Regional Insights and Outlook 2019
The supply of ECH in Europe has remained tight in Q2 2019 due to turnarounds and production constraints, leading to rising imports and increasing prices. ECH imports from China doubled in May, despite environmental regulations causing production constraints in China. However, it is assessed against the subdued demand for epoxy resins in China.
In July, ECH contracts almost reflected the extension of June prices. However, with a marginal decline due to a reduction of upstream propylene prices, coupled with muted demand since Q2 2019 from downstream for epoxy resins amid limited supply, balanced the ECH market.
Outlook 2019: Supply flexibility is anticipated to remain limited until Q3 2019 due to output challenges and plant turnarounds leading to a lack of availability of spot volumes, which buyers could obtain only by early September 2019. Demand is likely to remain muted due to low seasonal demand from epoxy resins, coupled with sluggish economic growth until Q3 2019. If the demand for epoxy resins continues to remain low, it could prevent the price from increasing, diminishing the effects of the supply shortage by Q4 2019.

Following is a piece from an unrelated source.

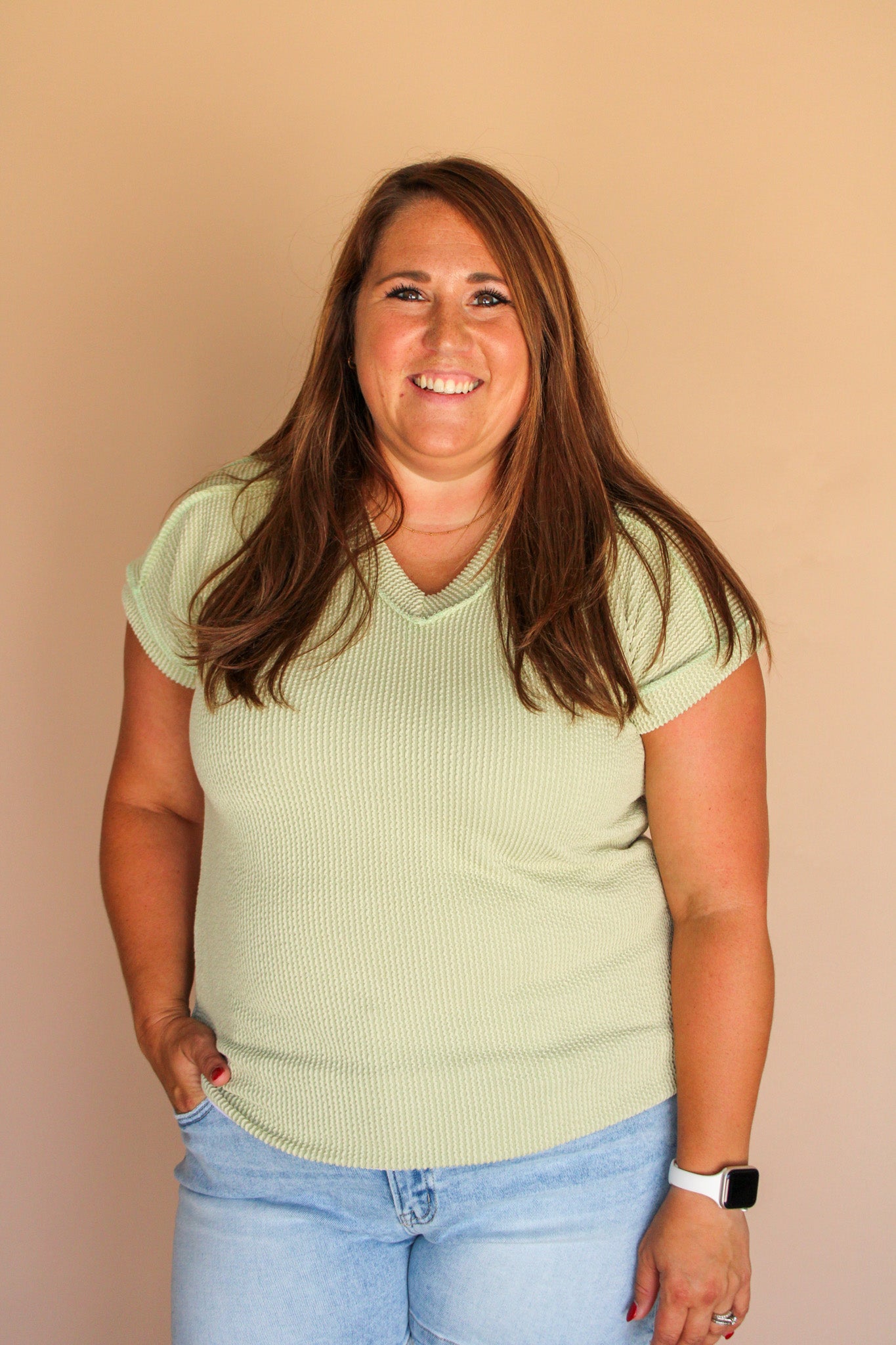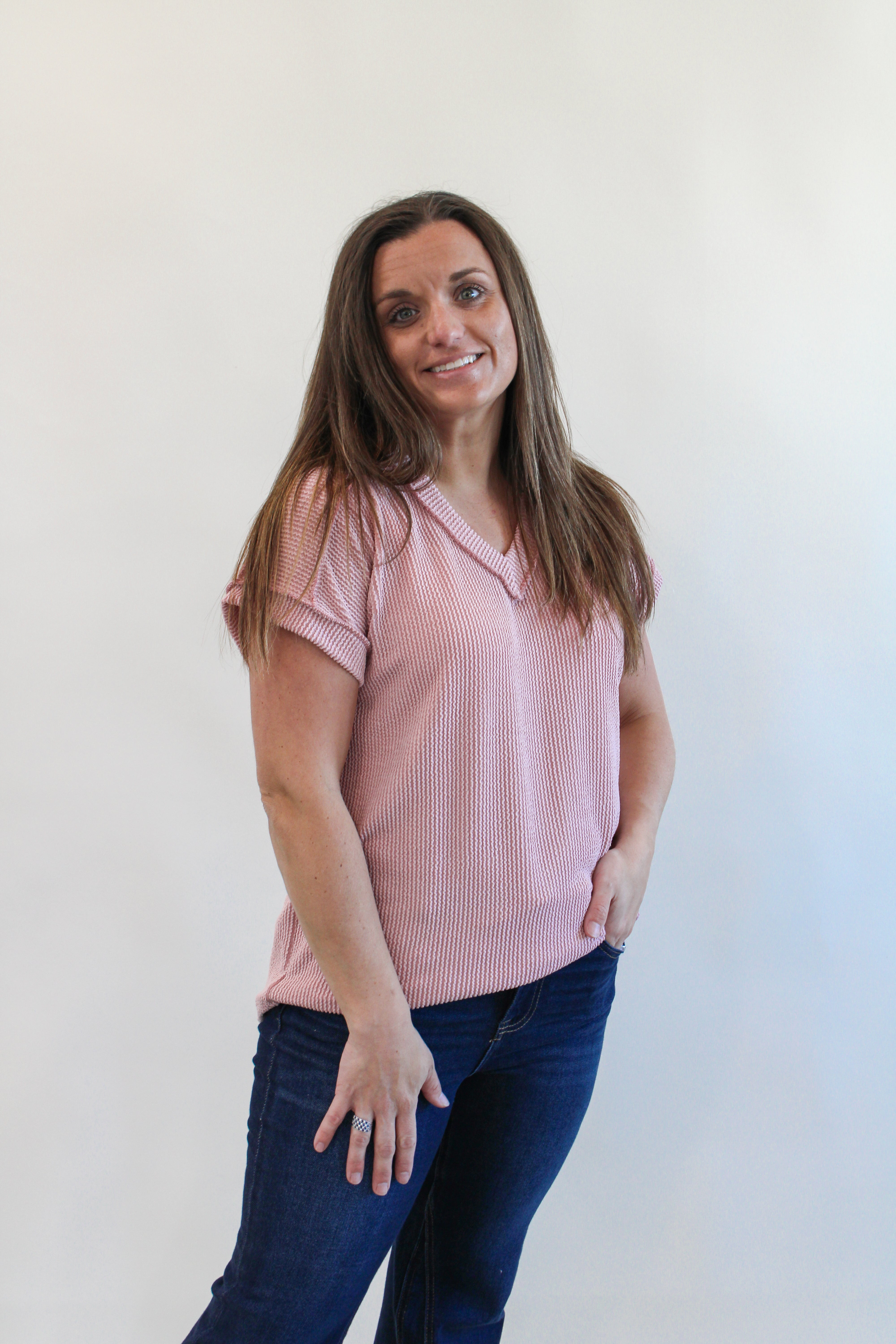CRISINDA RIBBED V-NECK TOP

Like Europe, ECH supply in domestic markets, especially China, is tight. This is due to the prolonged outages of two major plants — which together account for more than 30% of the total nameplate capacity — that was caused by continued inspection for safety and environmental regulations. Jiangsu Haixing Chemical and Shandong Haili are temporarily shut since October 2018 and March 2019 respectively, due to technical issues. This has impacted domestic ECH prices, which have seen double figure increases during Q3. Furthermore, ECH prices rose sharply in July, which caused limited buying interest from epoxy resin producers. Moreover, Asian regions outside China reflect a similar situation as supplies are limited due to heavy allocation of ECH volumes to contractual customers leading to unavailability of spot volumes.
Outlook 2019: The supply situation is anticipated to remain tight and is not likely to stabilize until Q3 or early Q4 2019, whereas the demand is likely to remain weak as epoxy resin producers are considering restricting production to reduce costs on account of rising ECH prices.
The ECH market outlook indicates a bearish tone in the Asian and European markets. The tight supply situation is caused by turnarounds since Q2 2019 and is likely to persist until Q3 2019, which may support increases in the price of ECH. Moreover, buyers seeking spot volumes may find themselves unable to procure it due to limited supply flexibility. On the other hand, buyers are likely to hold ECH purchases on account of muted demand, the macro-economic scenario and production cuts, which could suppress ECH price increases to some extent.
According to several market participants, the ECH market has experienced weak demand from epoxy resins mostly throughout the year and may normalize only if macro-economic factors turn favorable by Q4 2019. According to various sources, the demand outlook seems dull amid weak macroeconomic indicators surrounding the 2020-2021 period.